本人は黙秘したままだったけれど、改めて顔認識システムで照合にかけてみる。
するとやはり、雰囲気は変わっていたものの、目鼻の位置などが、手配写真の特徴と、ぴたりと合致した。
目の前で動かぬ証拠を突きつけられた犯人は、うなだれて、所轄の警察署に連行されて行った。

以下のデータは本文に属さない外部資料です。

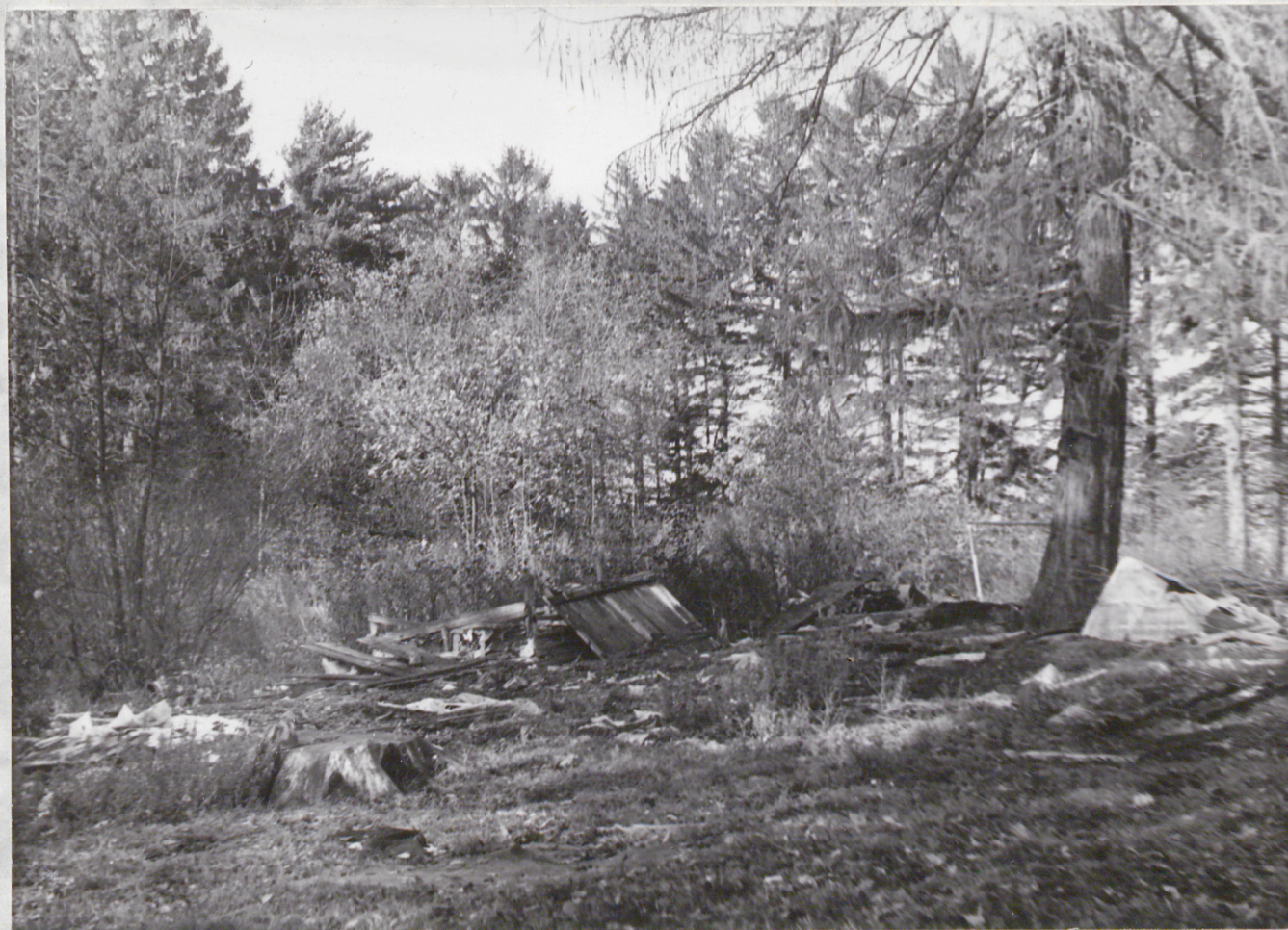
FOT. 1 - WARDYN DOLNY - Park

Bałagán, pnle ściętych drzew - do wizytówka parku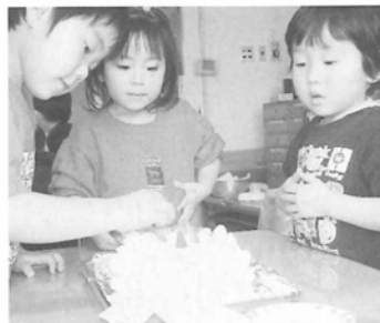
ケーキ作りにとても真剣です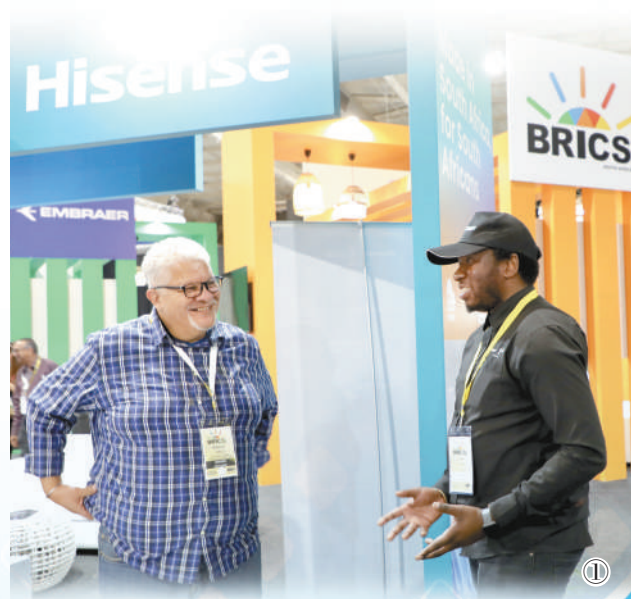
图1:8月21日,在金砖国家贸易博览会上,参观者在海信展台前交谈。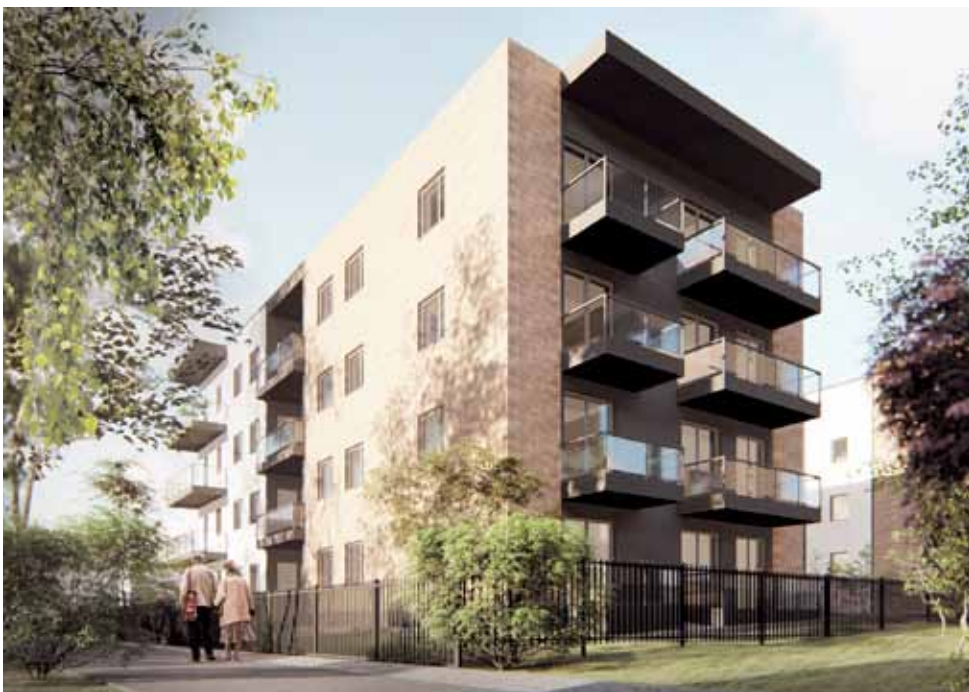
Tak ten budynek będzie wyglądał od strony ulicy Akademickiej.

Należy jednak pamiętać, że jeszcze nie wszędzie możemy z tego bonu skorzystać. Pełna lista miejsc uznających bon znajduje się na stronie www.pot.gov.pl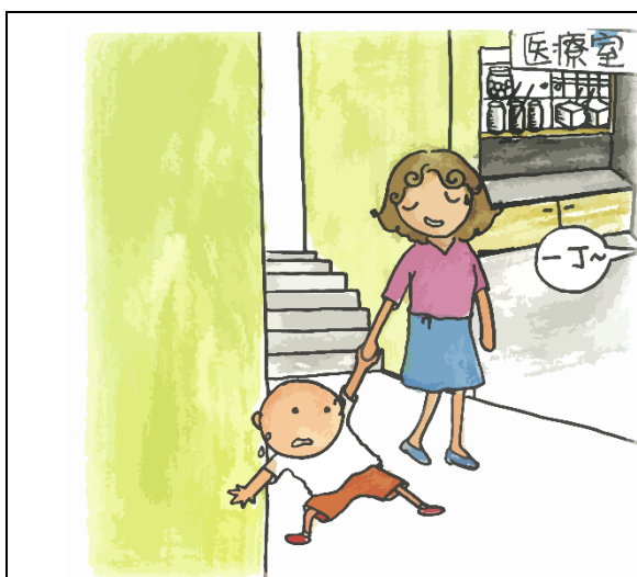
在醫院裏，一丁最討厭打針，一知道要打針，便哭了起來。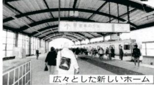
広々とした新しいホーム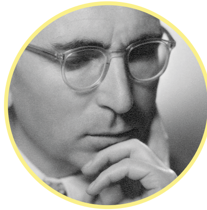
Viktor Frankl - Créateur de l'AEL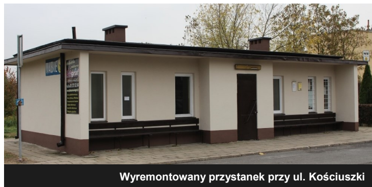
Wyremontowany przystanek przy ul. Kościuszki

Remontu doczekał się również przystanek przy ul. Kościuszki. Zaniedbane i zdewastowane pomieszczenia wewnątrz przystanku zostały gruntownie wyremontowane i pomalowane. Przystanek przyda się na pewno w mroźne oraz deszczowe dni.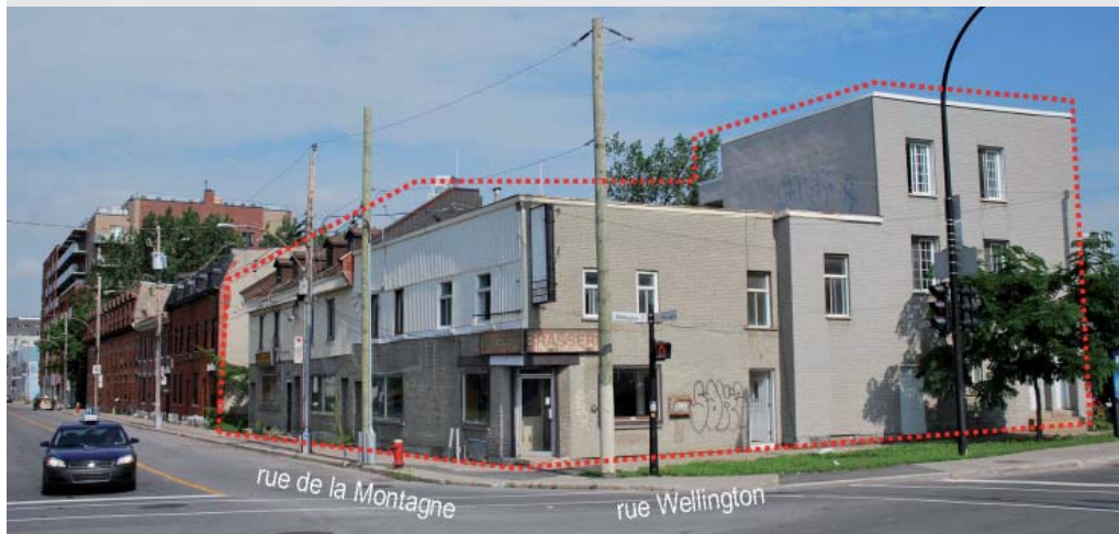
Le site à l'angle des rues de la Montagne et Wellington. La maison au 175, rue de la Montagne ne paraît pas car en retrait (à l'extrémité gauche du lisé)

再び捜査に戻る中で、ずっと考え込んでいた小笠原さんが、不意に私の前に歩み出て、頭を下げた。
小笠原
「ごめん」
私は仰天してしまった。
翼
「な、何ですか?やめて下さい!」
小笠原
「俺が間違っていた」
小笠原さんが自分の事を『俺』と言う時は、仕事モードになっている時だ。
小笠原
「室長の言う通りだ」
翼
「小笠原さん……」
私は彼を促して、近くのベンチに座った。
小笠原
「システムに縛られて、現場で犯人を見逃がすところだった」
翼
「小笠原さん……」
小笠原
「システムは万能じゃない。あくまでも、人の目の補助でしかない。それを、俺は、もう少しで、その目に見えたものまで霞ませてしまうところだった。本末転倒だ」
翼
「……」
小笠原
「人は、機械の目には見えないものまで見る事が出来る。今日、君と、広瀬さんに教わったよ」
そう言って上げた小笠原さんの表情は、どこかスッキリしていて、なんだか、いつもより大人びて見えた。
小笠原
「さ、もう一回りしよう」
翼
「はい!」
微笑んで立ち上がる小笠原さんに、私も、元気な返事で応えた。
小笠原
「終わったら、広瀬さんの店に行こうよ。どれでも、好きなものを買ってあげる」
翼
「えっ?!」
二度目のビックリだ。
翼
「だだ駄目ですよ!超高級宝飾品店ですよ?」
小笠原
「宝飾品が超高級なのは当たり前じゃない?」
本当に意味が分からない、という風に首を傾げる小笠原さんに、庶民な私は苦笑い。
翼
「……小笠原さんには敵いません」
小笠原
「そう?僕は、また一段と、君を好きになったけど」
小笠原さんは笑って、ちゅ、と私の頬にキスをした。